(DATA begins)

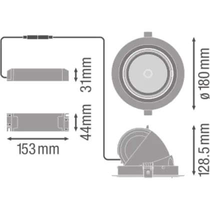 Descrizione Ledvance Faretti LED Vario Inclinabile 35W 3350lm 24D - 840 Bianco Freddo | Ritaglio 170mm
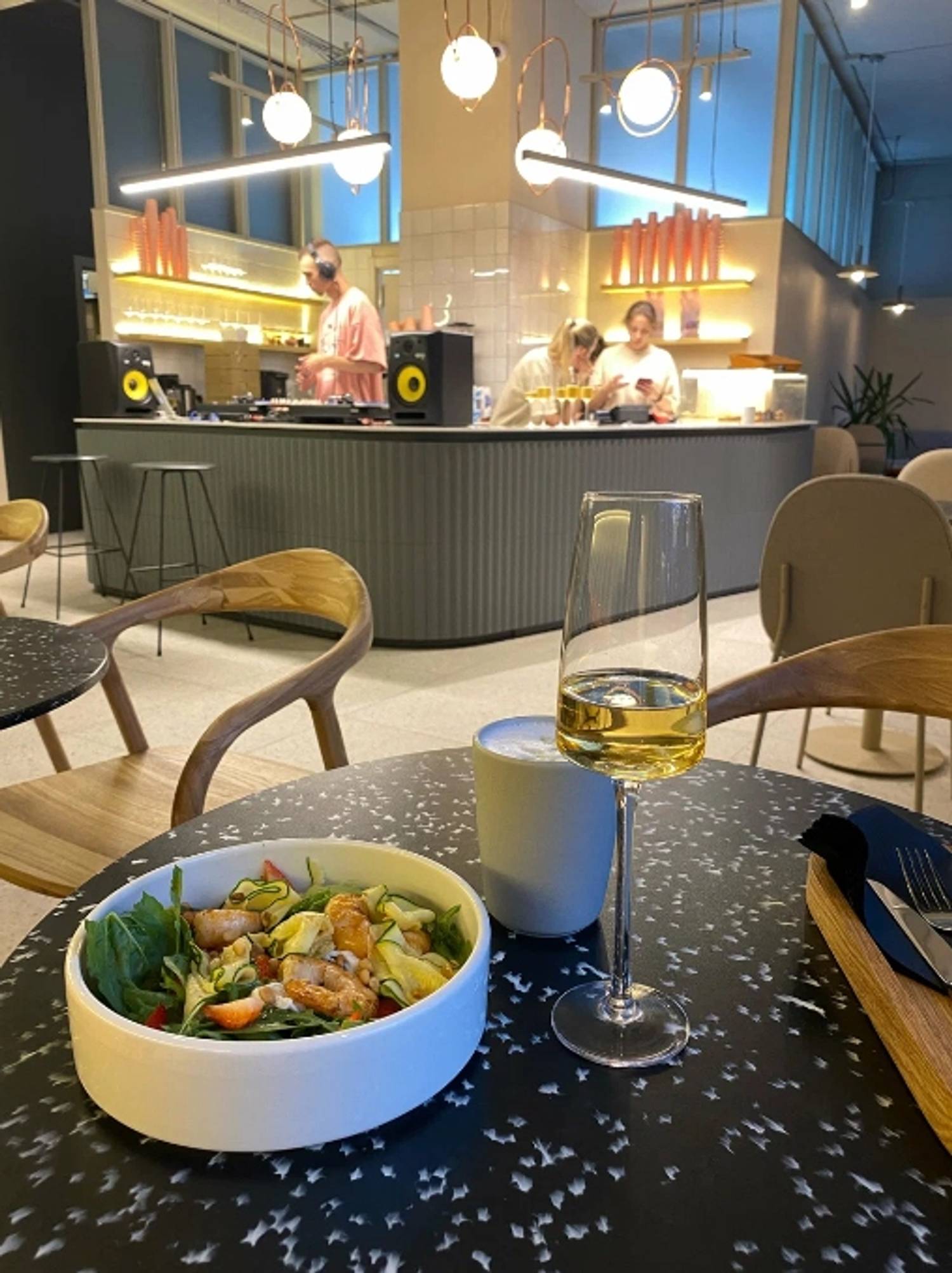 Еда и напитки. Утреннее меню завтраков включает в себя гречу с грибами и хашбраун с лососем и соусом голландез. В течение дня подают супы, выпечку и спешелти-кофе. Основное меню представлено пастой и стейком из форели.
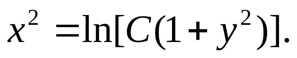 Так как произвольная постоянная С может принимать любые числовые значения, то для удобства дальнейших преобразований вместо С мы написали (1/2)lnC. Потенцируя последнее равенство, получим:
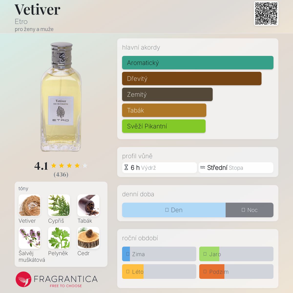 Vetiver podle Etro je Woody vůně pro ženy a muže. Vetiver byl/a uveden/a v roce 1989. Vrchní tóny jsou Šalvěj muškátová, Pelyněk, Bergamot a Petitgrain; střední tóny jsouVetiver, Cypřiš a Cedr ; základní tóny jsou Tabák, Jantar (ambra) a Pižmo.

(DATA ends)

REQUIREMENT: Write the lines above out again exactly, excluding every picture.

EXERCISE ANSWER:
 Descrizione Ledvance Faretti LED Vario Inclinabile 35W 3350lm 24D - 840 Bianco Freddo | Ritaglio 170mm
 Еда и напитки. Утреннее меню завтраков включает в себя гречу с грибами и хашбраун с лососем и соусом голландез. В течение дня подают супы, выпечку и спешелти-кофе. Основное меню представлено пастой и стейком из форели.
 Так как произвольная постоянная С может принимать любые числовые значения, то для удобства дальнейших преобразований вместо С мы написали (1/2)lnC. Потенцируя последнее равенство, получим:
 Vetiver podle Etro je Woody vůně pro ženy a muže. Vetiver byl/a uveden/a v roce 1989. Vrchní tóny jsou Šalvěj muškátová, Pelyněk, Bergamot a Petitgrain; střední tóny jsouVetiver, Cypřiš a Cedr ; základní tóny jsou Tabák, Jantar (ambra) a Pižmo.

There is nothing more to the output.